Methods: Using various key words, electronics databases were searched systematically to identify observational
studies published so far in English. Meta-analysis was made to summarize the prevalence of gynecological
morbidity. A random-effects model was used to calculate pooled prevalence. Publication bias was evaluated by
testing for funnel plot asymmetry, Begg’s rank correlation test and Egger’s linear regression test. All statistical
calculations were made using STATA Version 12.0 software.

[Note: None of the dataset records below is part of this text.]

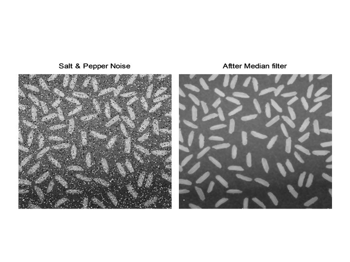 Impulse Noise • Noise impulses can be positive or negative. • Generally impulse corruption is large compared to the strength of image signal and hence are treated as extreme (black or white) values. • Negative impulses appear s black (pepper) points. • Positive impulses appear white (salt) noise. • For an 8 bit image a = 0 (black) and b = 255 (white).
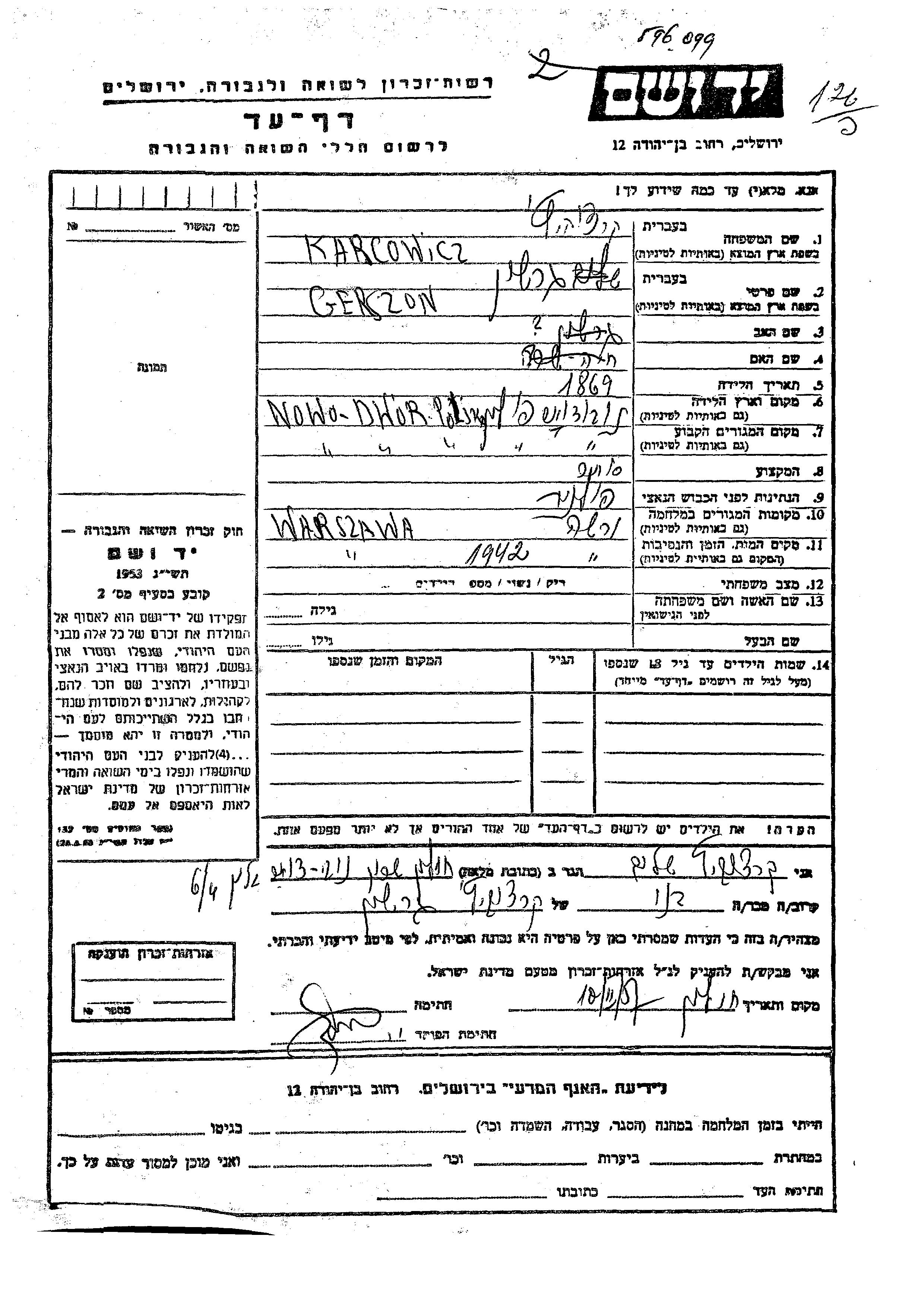 Карцович Гершон 1896 Новы Двор, Польша Лист свидетельских показаний
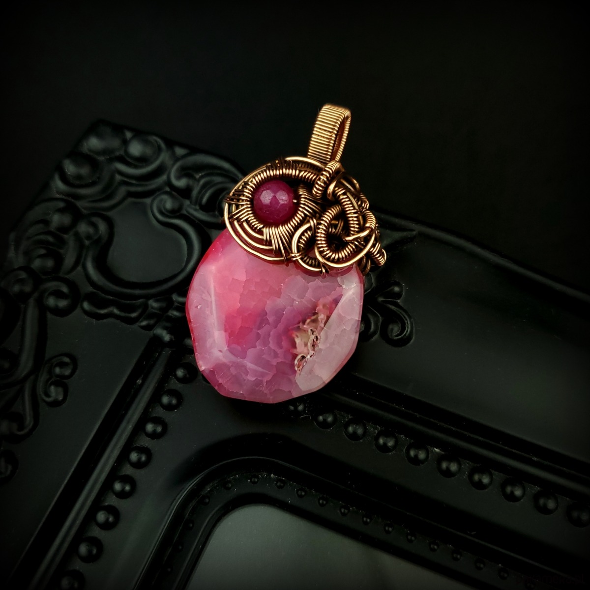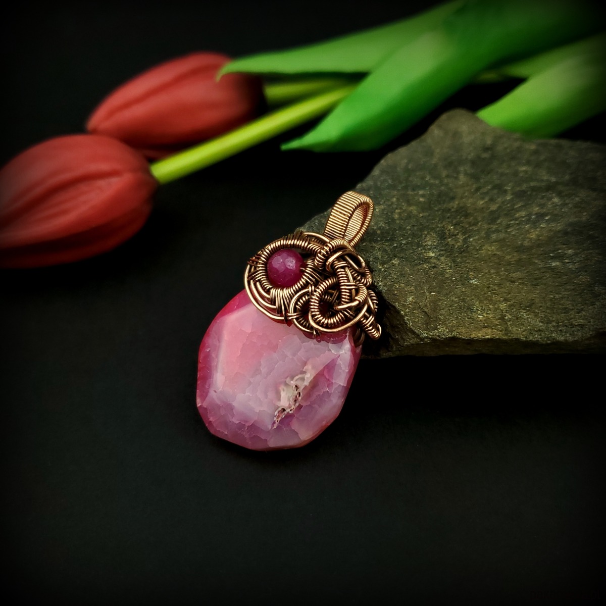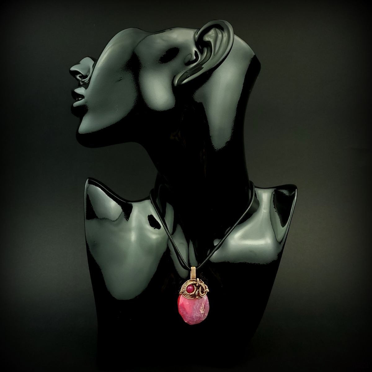 Wisiorek powstał na bazie kamienia o nieregularnym kształcie i wyjątkowej intensywnie różowej barwie. W misternie plecionej oprawie połyskuje mniejszy kamień agatu, pasujący kolorystycznie do całości.

Result: Eighteen studies, at least with one outcome variable were included in the final analysis. Ten studies were
eligible for pelvic organ prolapse, 8 were eligible for infertility, 11 for menstrual disorder, and 15 for reproductive tract
infection. The summarized random effect prevalence of pelvic organ prolapse was 13%, infertility was 8%,
reproductive tract infection was 38%, and menstrual disorders were 28%. The overall pooled random effect
prevalence of gynecological morbidity was 22% (95% CI=17%-27%, I2=99.38%, p=000). The potential publication
bias was suggested by funnel plot asymmetry.
Conclusion: The polled prevalence of overall gynecological morbidity was high. This pooled prevalence enabled
us to conclude that the effect of gynecological morbidities is high to hamper the productivity of reproductive age
women in the world particularly in a developing nation.